▶ **RECORDED INFORMATION**:

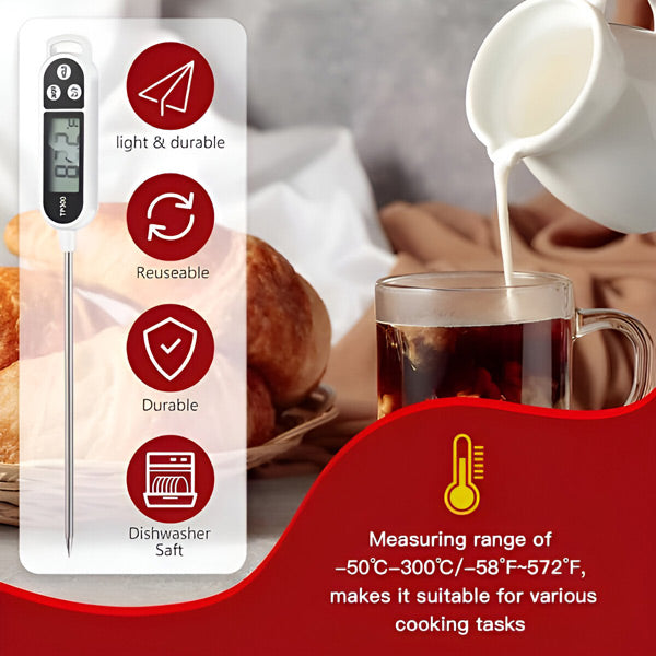 Idéal pour mesurer la température des viandes, liquides et pâtisseries.
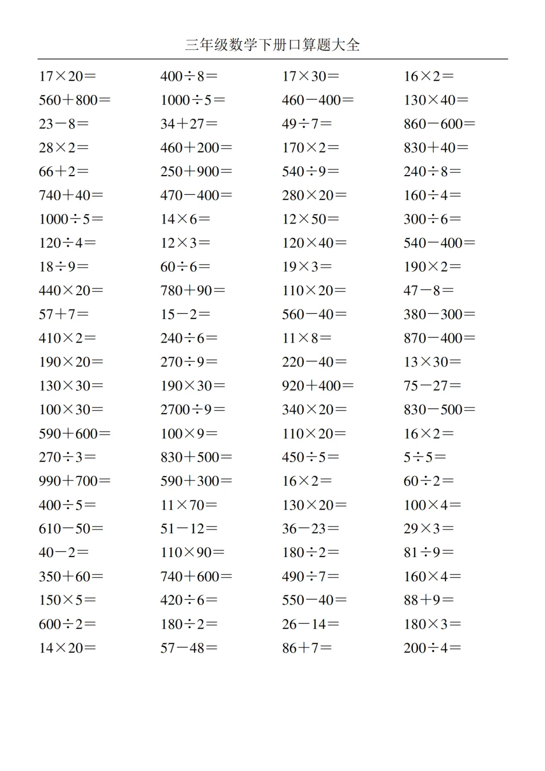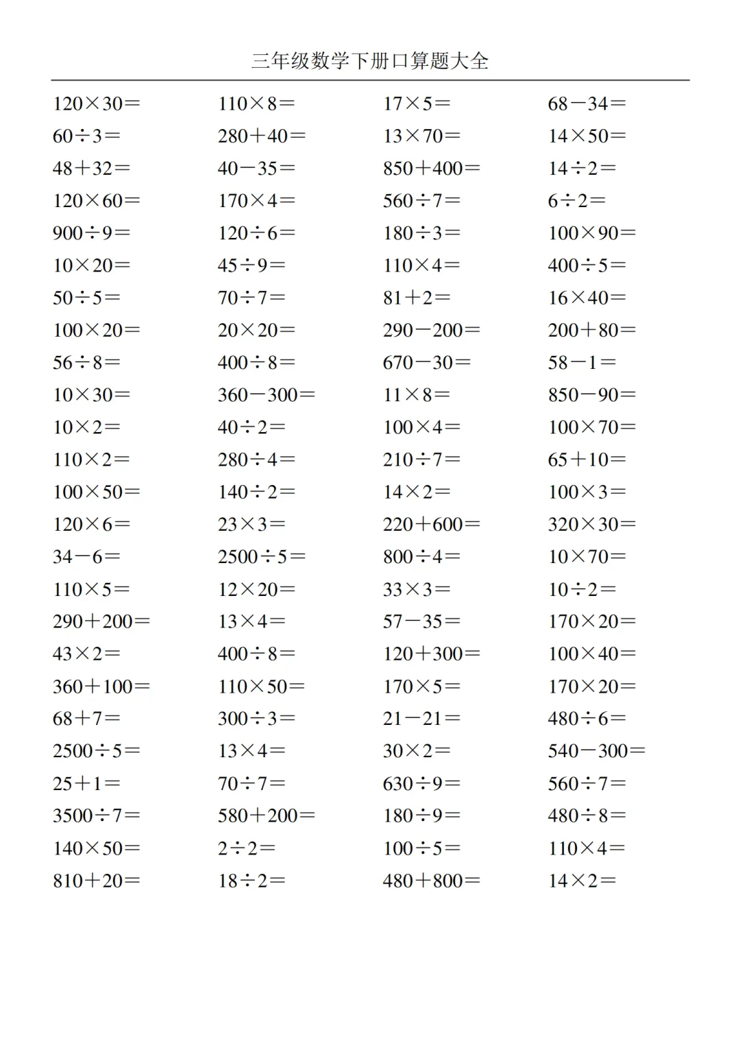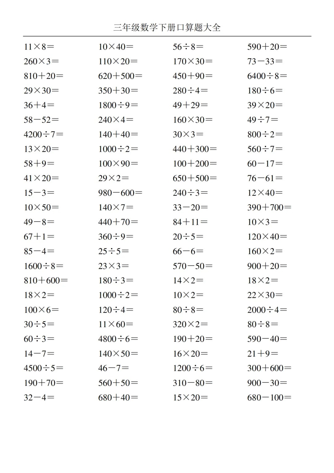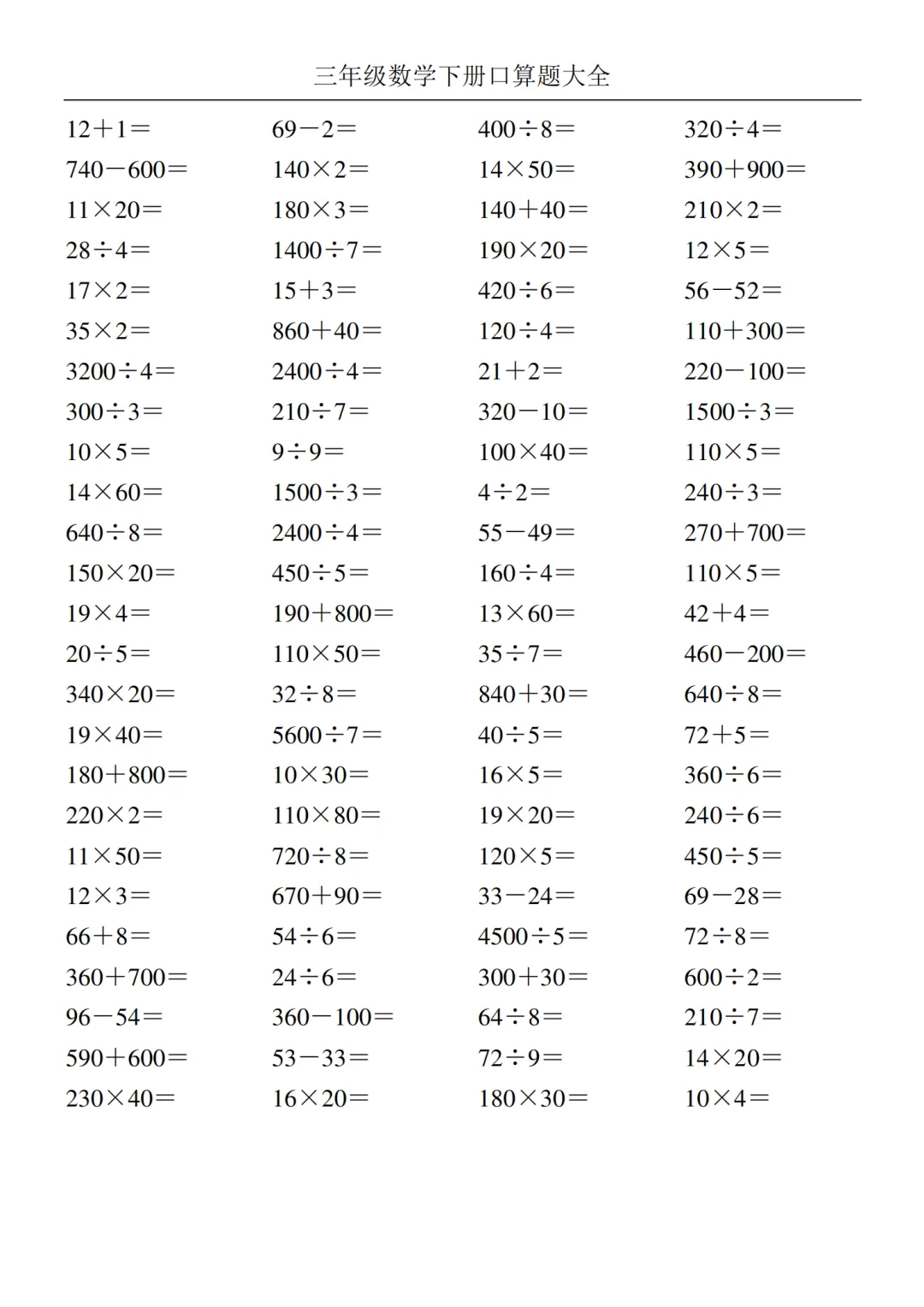 2026年新版《三年级下册数学口算大全》电子版可打印
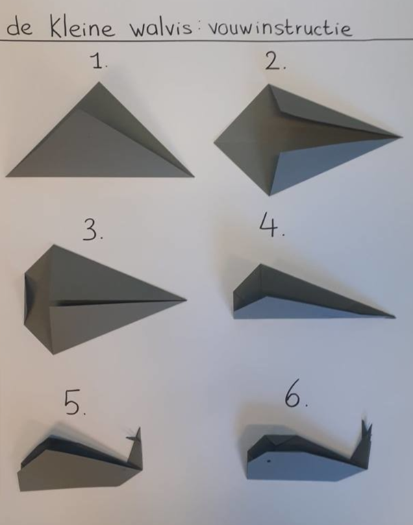 staan hoe de walvis gevouwen moet worden. Deze kun je
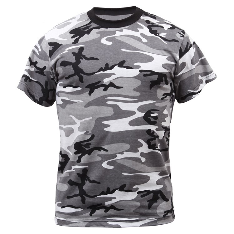 T-shirt militaire de qualité supérieure, motif camouflage, de la marque Rothco. Les t-shirts Rothco sont disponibles dans des motifs camouflage classiques et modernes, assortis aux pantalons et chemises BDU de la même marque. Ils sont également adaptés à l'impression.
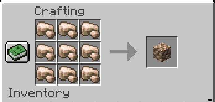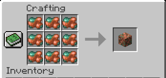未加工鉱石の各ブロックは 9 取ることで作成できます それぞれのリソースの未加工鉱石、およびそれらを各スロットに配置します。これは製作台で行う必要があります。 これは、サバイバル モードでこれらのブロックの 1 つを取得する唯一の方法です。
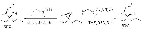 Opening of epoxides ring is more efficient with the higher order cuprate than with Gilman reagents, and attack takes place at the less sterically hindered carbon (Scheme 13).
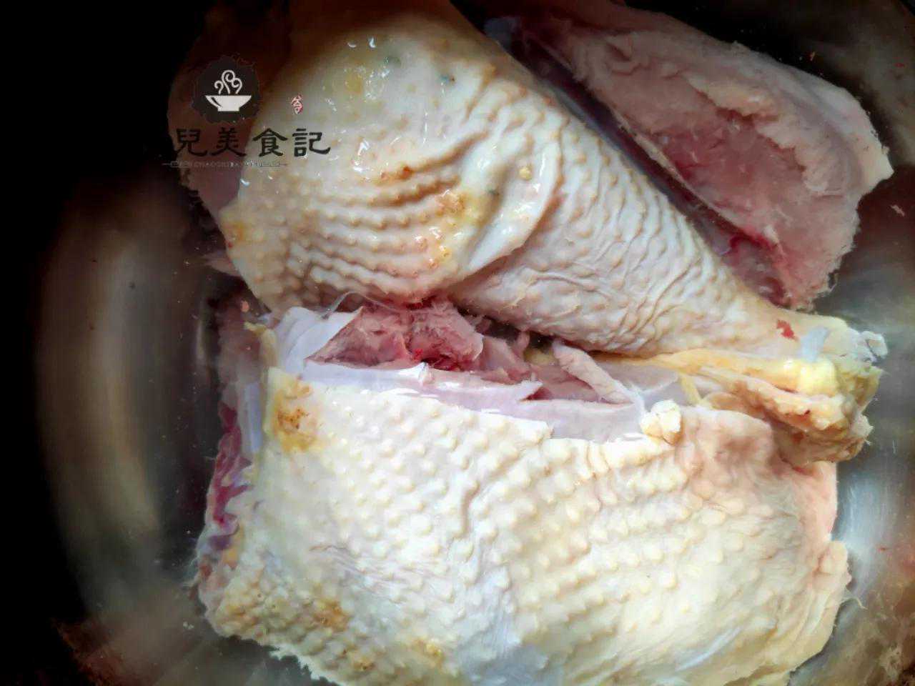 2、焯水捞出后的鸡肉,冷水下锅,水开后中小火煮20分钟左右,捞出放凉,这一步很多人喜欢开大火煮鸡肉,煮鸡肉火太大鸡肉收缩较大特别是鸡皮煮出来后不容易成型,口感也不好,第二点:中小火焖煮鸡肉,煮了鸡肉以后的汤汁先不要倒掉留下备用;
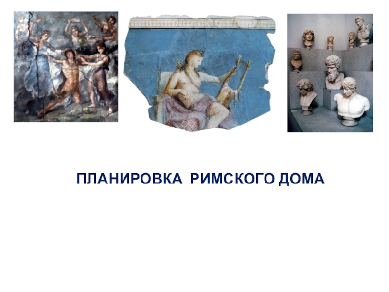 На фресках изображались фруктовые деревья, птицы, мифологические персонажи и бытовые картинки. Уникальная особенность римского дома – украшение атриума статуями умерших предков с ярко выраженными портретными чертами. Именно они положили начало портретному жанру.

▶ **EXERCISE DIRECTIONS**: Output must match the lines from the start of the records above through the line that contains "staan hoe de", exactly and with every picture removed.

▶ **TASK RESPONSE**:
 Idéal pour mesurer la température des viandes, liquides et pâtisseries.
 2026年新版《三年级下册数学口算大全》电子版可打印
 staan hoe de walvis gevouwen moet worden. Deze kun je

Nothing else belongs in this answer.